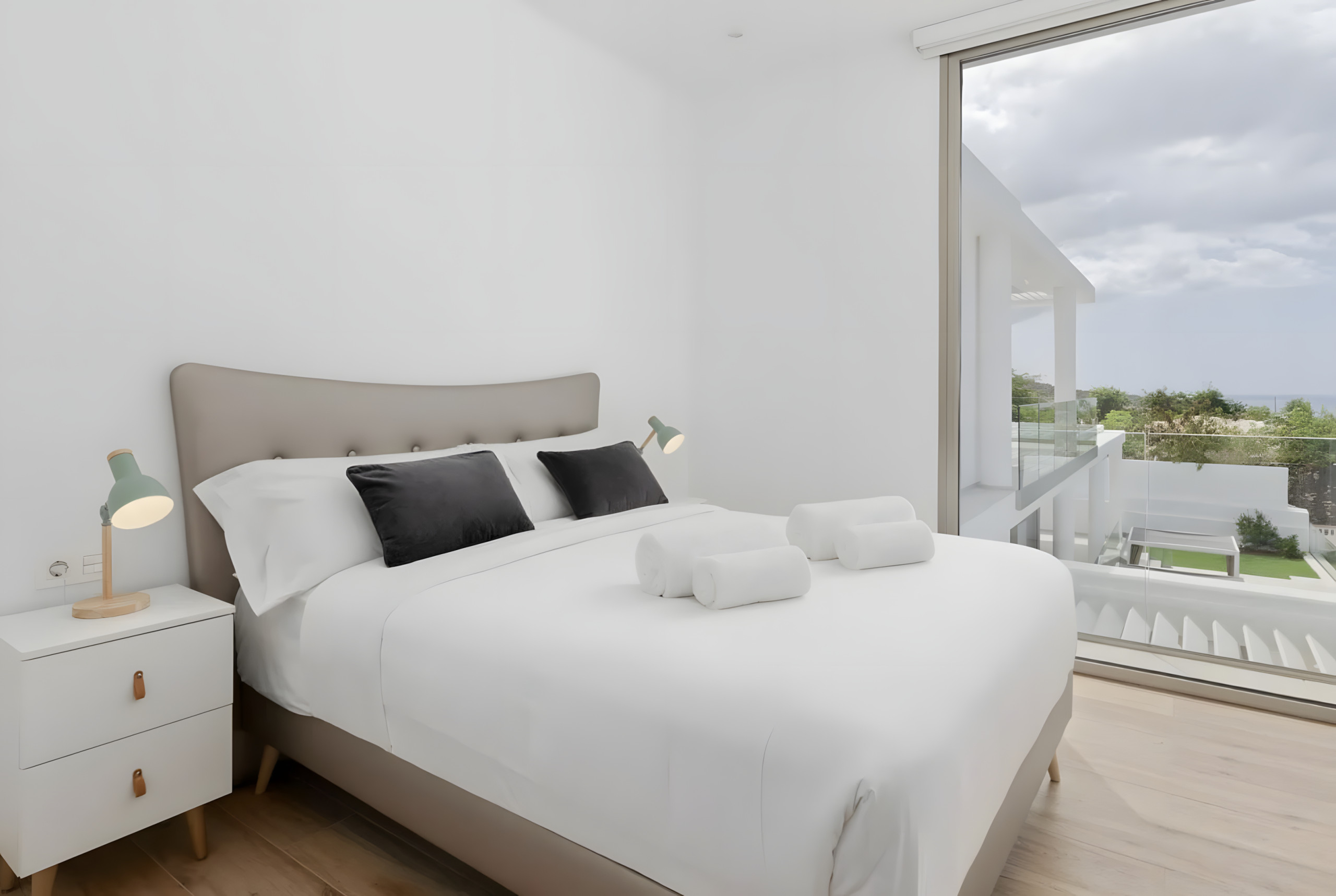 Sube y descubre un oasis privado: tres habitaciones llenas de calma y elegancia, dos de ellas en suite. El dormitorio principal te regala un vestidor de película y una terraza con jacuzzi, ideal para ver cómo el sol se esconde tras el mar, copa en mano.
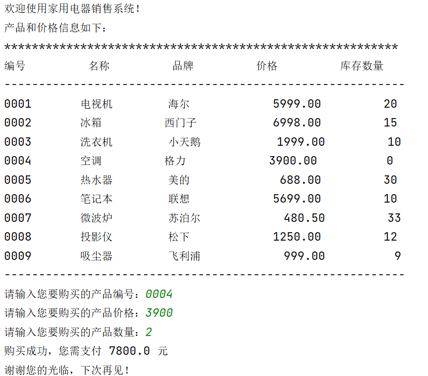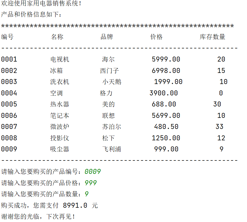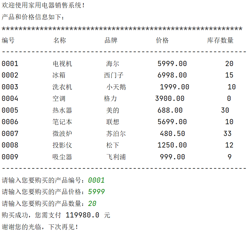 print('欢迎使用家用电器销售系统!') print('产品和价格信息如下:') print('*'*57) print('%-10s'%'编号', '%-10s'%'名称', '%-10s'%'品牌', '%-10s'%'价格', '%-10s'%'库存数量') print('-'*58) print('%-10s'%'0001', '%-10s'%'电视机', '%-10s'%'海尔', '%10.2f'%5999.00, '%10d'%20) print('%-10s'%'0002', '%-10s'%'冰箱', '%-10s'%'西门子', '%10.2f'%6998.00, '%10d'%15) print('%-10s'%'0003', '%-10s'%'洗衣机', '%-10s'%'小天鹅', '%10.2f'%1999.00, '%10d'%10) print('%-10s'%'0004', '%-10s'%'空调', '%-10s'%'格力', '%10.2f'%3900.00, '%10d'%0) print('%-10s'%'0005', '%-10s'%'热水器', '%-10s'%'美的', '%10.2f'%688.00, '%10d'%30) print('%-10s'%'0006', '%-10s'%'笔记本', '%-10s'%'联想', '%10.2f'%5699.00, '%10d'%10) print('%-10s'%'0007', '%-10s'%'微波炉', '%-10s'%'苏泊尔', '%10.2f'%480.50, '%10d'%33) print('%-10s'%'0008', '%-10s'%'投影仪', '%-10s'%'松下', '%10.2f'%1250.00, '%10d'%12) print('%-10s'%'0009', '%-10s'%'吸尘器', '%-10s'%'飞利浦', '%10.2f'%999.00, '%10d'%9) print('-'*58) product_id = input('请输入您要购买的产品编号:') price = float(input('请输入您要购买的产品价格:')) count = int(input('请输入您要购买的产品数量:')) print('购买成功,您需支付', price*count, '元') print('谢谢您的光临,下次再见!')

════════

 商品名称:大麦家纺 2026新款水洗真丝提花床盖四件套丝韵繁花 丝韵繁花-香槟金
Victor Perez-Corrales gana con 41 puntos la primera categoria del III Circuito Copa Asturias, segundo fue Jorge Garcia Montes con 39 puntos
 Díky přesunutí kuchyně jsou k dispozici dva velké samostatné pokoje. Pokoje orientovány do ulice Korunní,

════════

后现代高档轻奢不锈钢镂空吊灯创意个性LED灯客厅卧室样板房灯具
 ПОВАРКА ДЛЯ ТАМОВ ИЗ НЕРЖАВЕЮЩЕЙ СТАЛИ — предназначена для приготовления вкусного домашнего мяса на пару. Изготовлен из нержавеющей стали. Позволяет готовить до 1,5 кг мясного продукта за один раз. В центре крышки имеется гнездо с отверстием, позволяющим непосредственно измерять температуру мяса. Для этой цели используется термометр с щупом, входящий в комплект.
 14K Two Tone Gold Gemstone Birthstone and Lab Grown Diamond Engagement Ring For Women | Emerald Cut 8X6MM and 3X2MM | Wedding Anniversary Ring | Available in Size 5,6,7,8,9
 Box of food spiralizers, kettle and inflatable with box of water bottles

════════

• _Task description_
The line above containing "14K Two Tone", the line containing "Box of food", and every line between them are to be transcribed exactly; no other line is wanted.

• _Response area_
 14K Two Tone Gold Gemstone Birthstone and Lab Grown Diamond Engagement Ring For Women | Emerald Cut 8X6MM and 3X2MM | Wedding Anniversary Ring | Available in Size 5,6,7,8,9
 Box of food spiralizers, kettle and inflatable with box of water bottles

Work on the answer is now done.